Friday, 30 June 2017

Poets Come of Age - A Coming-of-Age Poem

We talk of poets and white doves
till sunrise
of blushing anemones, chilled juice
and ice cream and mother's apple pie.

A green wind is blowing—
green like the freedom of the pines
and strange like the words the poetess
whispered to the sea.
Lime scent and cinnamon grow on our lips
and Bacchus craves our youthful day.


The profundity of such curious poetry moves her
and she plunges into our scarlet whirlpool
until we cry out in joy and the blushing anemones
languish in a vase in your pink and white bedroom.

For many days she travelled on the river
escaping to the abandoned caves of the sea.
Incredulous, I searched for her till dawn
but never found her and her story was told to no one
still a mystery to me and to all her other lovers.

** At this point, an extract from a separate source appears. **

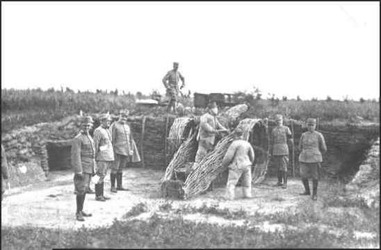 A cannon made of rattans to deceive the enemy aviators. General Cadorna and his General Staff. Nannini anotó al dorso: Un cañon de bejucos para engañar a los aviadores enemigos. El General Cadorna y su estado mayor. |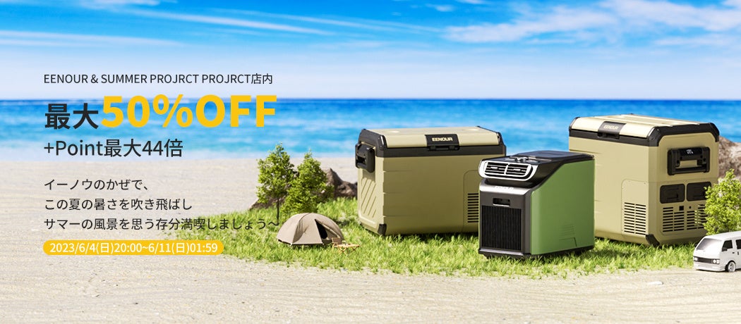 EENOUR楽天市場店では皆様の生活をより便利、快適になるため、ポータブル冷蔵庫やスポットクーラーなど、様々な防暑対策商品を開発しており、好評を得ております。楽天スーパーセールを契機に全店最大50%OFF+ポイント最大44倍のお買い得な企画を実施しております。

Each night I ask you to recite my poem
but you laugh at me and say it's no longer
avant-garde to have a melancholy soul.

You, who has the wisdom of the horizon in her eyes
where is the blossom that stroked your thighs in March?
Where is the blossom that kissed your eyes in April?
Will spring blossom dance on your breasts again in May?

You mock me and say I'm debauched
but then you warm me in your Reynaud's mouth
until I kneel for you in your pomegranate dawn;
and even though you tell me I'm a man who is flawed
I will never ask for your forgiveness
or beg for absolution from your sainted mother.